Todos los días cojo el metro para ir al trabajo, y lo hago a diferentes horas, gracias a cierta flexibilidad laboral y a mi desacompasado ritmo de sueño. Cuando voy temprano, los vagones están atestados de trabajadores que se dirigen puntuales a sus correspondientes oficinas; si me muevo pasada la hora punta, entonces se trata de mendigos, parados, y algunas mujeres cargando a sus bebés en brazos. Los primeros están imantados a sus teléfonos; entre el grupo heterogéneo del segundo turno los hay concentrados en las maravillas de la minúscula pantalla, pero también con la mirada perdida, a veces buscando respuestas en los carteles que cubren las herméticas paredes del vehículo: «¿estás solo? ¿sufres depresión? -llama ahora y participa en nuestro estudio; tratamiento y asesoramiento psicológico gratis». Estos pósters, que venden los experimentos científicos como cobertura sanitaria y ofrecen una mínima compensación económica a quien se brinde a hacer de conejillo de indias, suelen centrarse en la soledad, el aislamiento y la desesperación como problema de salud pública que, a su vez, la sanidad privada podría subsanar. Observo su potencial dañino; quiénes son los desdeñan sus reclamos y quiénes se fijan en ellos; estos últimos, qué hacen después de mirarlos: dirigir la vista a los niños.

Un estudio publicado recientemente reveló que la mitad de la ciudadanía estadounidense padece soledad, y que esta dolencia equivale a fumar unos 15 cigarros al día en cuanto que destruye el sistema inmunitario y predispone a contraer otras enfermedades de la misma forma que lo hace el tabaco. El problema, que parece afectar a gentes de distintas clases sociales, es tachado de epidemia, y sólo desde la medicina se describe y analiza, considerándolo un asunto más individual que colectivo. Podría existir, por ejemplo, un explicación que cuestionase la merma de los derechos laborales y la explotación a la que están sometidos tantos trabajadores, en muchos casos pluriempleados, a los que no les queda tiempo para interactuar con su familia o amigos; o que denunciase la falta de bajas de maternidad y de guarderías a precio asequible que obliga a miles de madres a dejar de trabajar y las condena a quedarse en casa. Podría, también, darse un discurso coherente desde el urbanismo: que de la clase media para arriba sus miembros elijan vivir en barrios residenciales donde el contacto humano brilla por su ausencia no debe en nada contribuir a la desaparición de este desasosiego. En su lugar, los hospitales, las farmacéuticas, y las empresas que venden abrazos y amigos de alquiler para fiestas y otros eventos, todas ellas corporaciones, se han encargado de llenar un espacio que debería corresponderle a la política. En el mejor de los casos, las distintas congregaciones religiosas efectúan esa tarea, y me atrevo a pensar que este hecho se debe a la falta de otras formas organizativas, desde los sindicatos a las asociaciones de vecinos, pasando por el botellón.
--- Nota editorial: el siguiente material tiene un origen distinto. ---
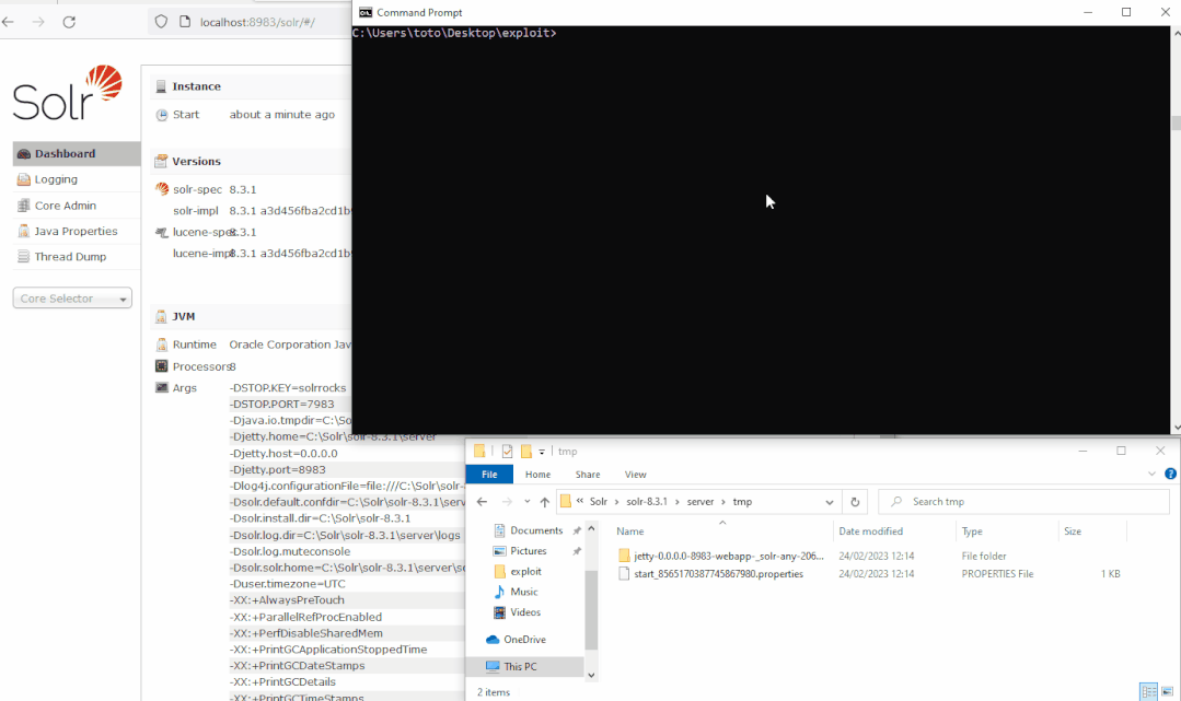 从暴露的 Solr 接口,可以在服务器上获得 RCE。Windows 上的 8.3.2 版之前存在此弱点。在较新的版本中,实施了以下限制: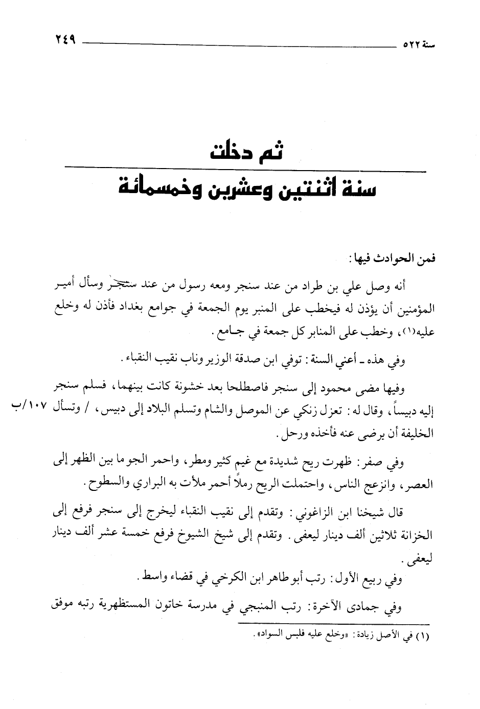 ثم دخلت سنة اثنتين وعشرين وخمسمائة
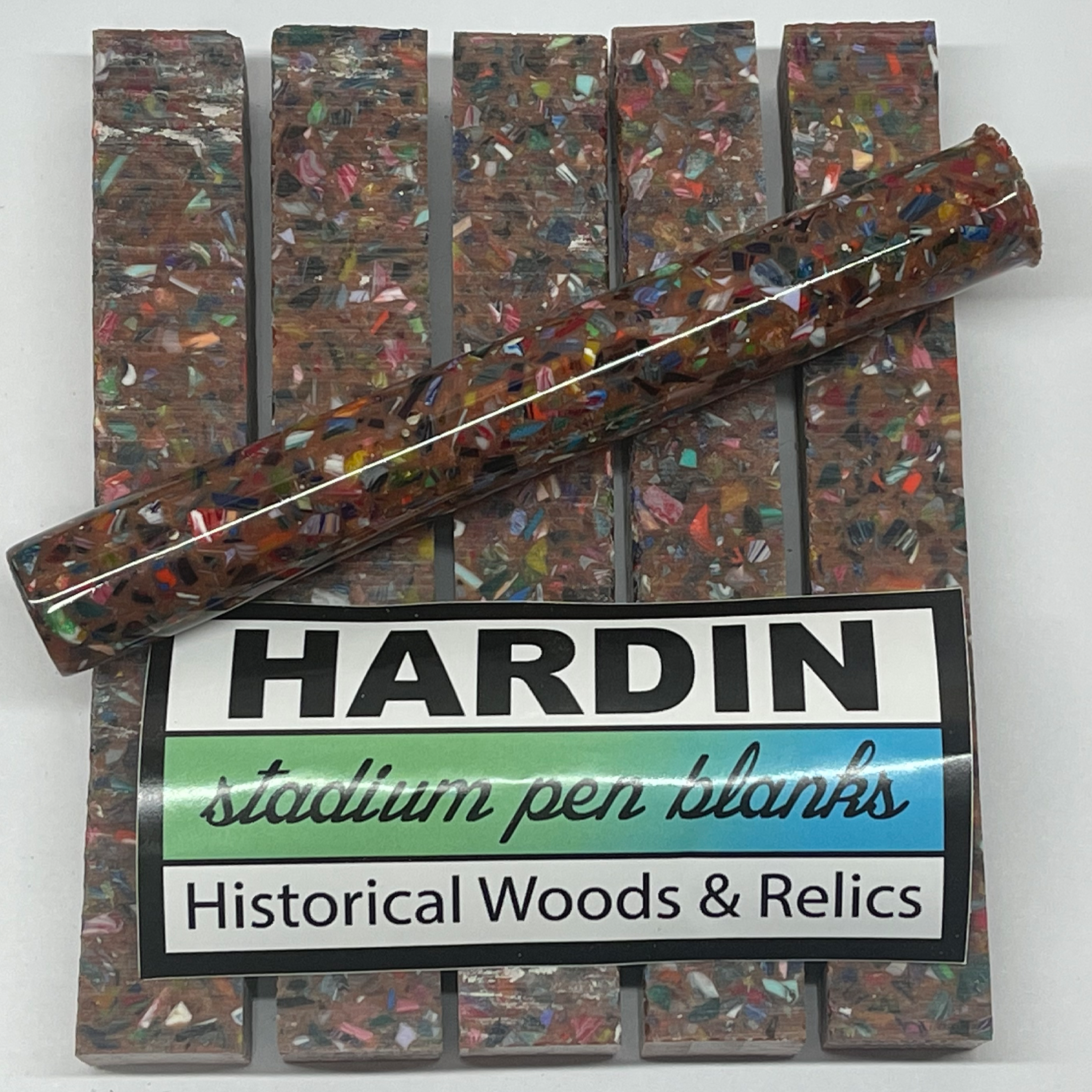 JB Royal GOLD DUST CRYSTAL resin blanks with suspended shredded resin cut-offs from the over-pour of other Alumilite resin blocks. The suspended material is a wild variety of mixes to form a kaleidoscope of colors.

Afirmaba la filósofa Hannah Arendt que la soledad es el territorio común de todo régimen totalitario. No se trata únicamente de mantener al individuo aislado de los demás, sino de provocar un sentimiento de desarraigo, una carencia de pertenencia al mundo, que destruye tanto la vida pública como la privada. Que un 50% de la población del gigante americano se sienta de la manera tan inteligentemente descrita por Arendt en su estudio sobre el nazismo y el estalinismo da pistas sobre la cultura cívica de un país donde apenas hay manifestaciones y, a nivel de calle, la política no se discute. Si la soledad extrema sólo puede combatirse a través de su medicalización, ésta contribuye asimismo a aumentar el grado de soledad, pues sólo uno puede acudir a la consulta, tomarse ciertas pastillas, culpabilizarse por su desolador destino y sentirse responsable por una cura que no llegará sin los demás. En otras palabras, pensar la soledad como patología, sin tener en cuenta el gran número de problemas sociales que la engendran, supone arrojar más leña al fuego que alimenta la disminución de lo que llaman «comunidad» como objetivo cada vez más inalcanzable. Sentirse perdido y desvinculado del mundo es un mal que pasa por todos, que atraviesa los pilares básicos de toda democracia, y que torna la interacción con el Otro -sea éste inmigrante, negro, lesbiana o indígena- más necesaria que nunca.